The researchers say that their results warrant follow-up studies for this treatment in patients with a poor outlook following heart failure that has been caused by damage of the heart tissue following blockage of blood flow.


This was a small, initial study designed to focus on the short-term safety of using a person’s own stem cells to treat heart failure caused by damage to their heart tissue. Rather than looking at how effective the treatment was, the study was set up to examine the short-term safety of using stem cells in this way. It has demonstrated the technique to be safe (at least over one year), and no treatment-related side effects were reported.

As a secondary outcome the research found that, compared with prior to treatment, the treatment improved some aspects of heart function, partially reduced heart tissue scarring and improved quality of life one year after treatment. The control group did not show these improvements over an equivalent length of time.

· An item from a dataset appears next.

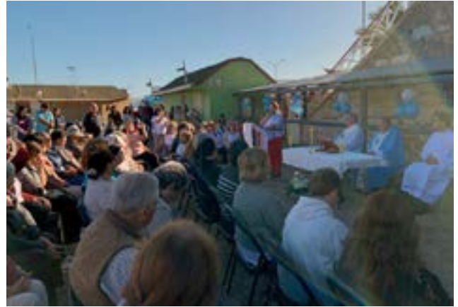
En Pichilemu celebraron a la Virgen de Lourdes con misioneras del Carmelo Misionero Seglar.

The study group was small, with just 16 receiving the stem cell treatment. A small study group is necessary in preliminary safety studies such as this. Also, as the trial looked at safety rather than effectiveness, there were not complete data on measures of effectiveness in all these patients. Overall, the small number of people examined in this safety trial means that the effectiveness of this treatment will have to be assessed through a larger trial to ensure that the observed effects were not due to chance.

The safety (and effectiveness) of the treatment was assessed for up to a year in this study and extended follow-up is needed to see if this treatment is safe in the longer term.

The study only included people under 75 years of age and who had a particular type of severe heart failure following heart attack. Further studies are needed to see if this treatment is suitable for other types of heart failure. Nevertheless, this preliminary study shows a promising application of this type of stem cell treatment.